"St Cuthbert's church stood on the top of the hill. It had a square tower and we used occasionally to climb up the worn stone steps which corkscrewed up to the first floor, where the three bells hung. Next there was a ladder to climb to the second floor and the ladder had then to be pulled up in order to reach the trap door at the top of the tower. On one occasion, the boys sent semaphore messages from the top of the tower to the foot of the hill.
" The Butcher, Mr K was a very prosperous farmer. He also kept the Durham Ox..he was a church warden.
A second small shop in Crayke was kept by Miss S and her two brothers H and C. They were the carriers of the village. The shop sold corn and meal, flour, dog biscuits and chicken food as well as sweets. One could get a half penny square of Fry's chocolate or a Fry's cream bar there. Miss S was a small, stout person with a round, pale face and her hair was done up in a bun on top of her head.
We saw very little of Mr G, the blacksmith, but could hear the clank of his hammer on the anvil from the Rectory garden.
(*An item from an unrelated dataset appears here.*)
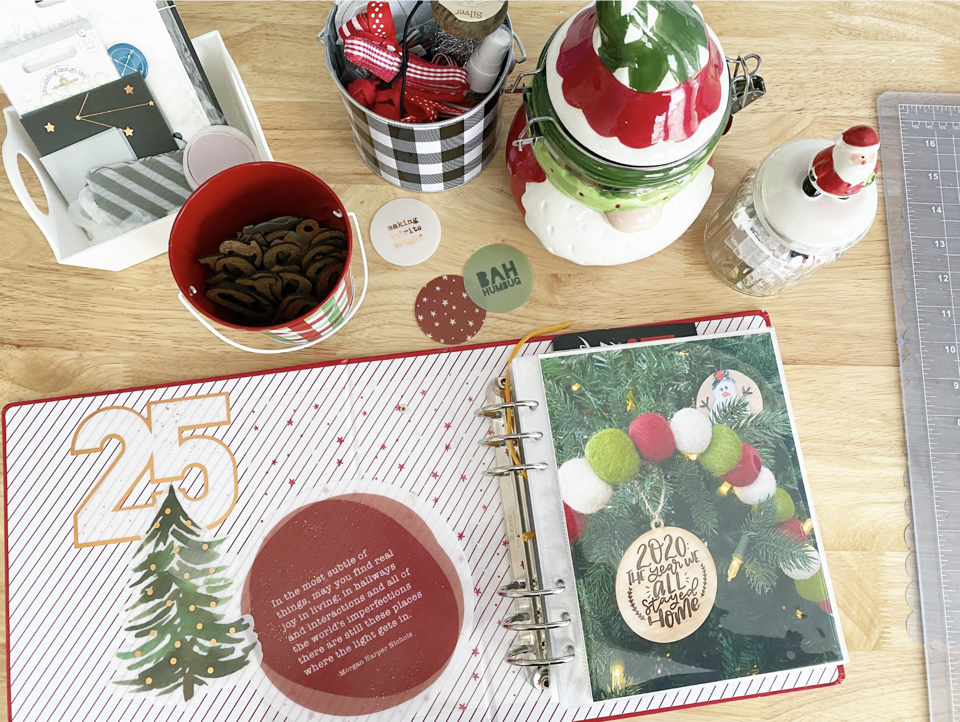 For 2020, I decided to up my own game with a December Daily cart and it’s definitely put me in the holiday spirit! I’d seen a couple on Instagram and I had an extra Raskog cart sitting around, so why not? I gathered up all my DD supplies, the current kit plus leftovers from previous years, all my Christmas stamps, ribbon, and anything festive, and placed them in little tins I found at Hobby Lobby. My mom had recently given me a tiny glass jar with Santa on the lid and I used him to store sparkly goodness. I added another Santa jar from Home Goods and stashed holiday M&Ms - where my husband won’t find and eat them all! On the top shelf, I have my 2020 album, my unfinished 2019 album, and my finished 2018 album for inspiration.

"Another outstanding family in the village were the G's. The eldest brother, A, had the farm at the foot of the hill and kept a herd of milking cows. His old mother lived at the farm and was the backbone of the family for many years. She came to church regularly with her grand-daughters as long as she was able. I remember going to see her at the farm when she was quite old. She sat by the fire in a rocking chair with a shawl round her shoulders and a cat or two beside her. The hearth-rug was made of pieces of coloured cloth.
Mr G was the village tailor. He made some Robin Hood costumes for the boys for a fancy dress party and a Puritan dress, cap and apron for Hilda Mary.
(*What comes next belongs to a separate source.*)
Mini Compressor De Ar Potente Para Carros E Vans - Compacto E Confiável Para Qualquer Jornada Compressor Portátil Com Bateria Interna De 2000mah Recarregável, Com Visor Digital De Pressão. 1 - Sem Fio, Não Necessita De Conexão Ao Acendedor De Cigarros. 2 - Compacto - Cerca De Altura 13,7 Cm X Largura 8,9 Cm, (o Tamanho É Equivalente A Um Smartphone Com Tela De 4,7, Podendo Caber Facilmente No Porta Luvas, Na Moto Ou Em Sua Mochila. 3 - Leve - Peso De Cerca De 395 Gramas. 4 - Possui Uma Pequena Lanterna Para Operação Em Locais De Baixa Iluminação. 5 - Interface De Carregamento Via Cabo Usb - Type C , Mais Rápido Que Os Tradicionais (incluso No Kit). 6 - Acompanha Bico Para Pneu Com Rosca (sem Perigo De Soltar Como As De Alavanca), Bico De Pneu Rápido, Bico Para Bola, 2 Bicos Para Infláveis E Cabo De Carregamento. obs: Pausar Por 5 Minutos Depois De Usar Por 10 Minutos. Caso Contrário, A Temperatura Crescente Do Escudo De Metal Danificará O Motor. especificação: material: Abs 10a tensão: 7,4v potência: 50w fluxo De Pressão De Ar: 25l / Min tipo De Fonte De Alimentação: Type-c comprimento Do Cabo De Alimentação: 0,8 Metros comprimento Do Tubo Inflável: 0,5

Our most remote parishioners was the M's. They lived nearly two miles away on the road to Orlston. Mr M...was a short, round man just like a kind dwarf in a fairy story. He has white whiskers all round his face and he wore a frock coat and a tall felt hat when he came to church. He was usually accompanied by several small brown-eyed boys and a little girl called Emily."
I was surprised to read about the number of amenities this small village had. Over the years, many small communities have lost these businesses, so now are left with just a pub and possibly shop/post office if you are lucky. Life then was much more self-contained, unlike today, where it is a necessity to have a car to travel to the local town or city for work and shops. The above photographs are all taken from Granny's album, but there is no clue as to the photographer.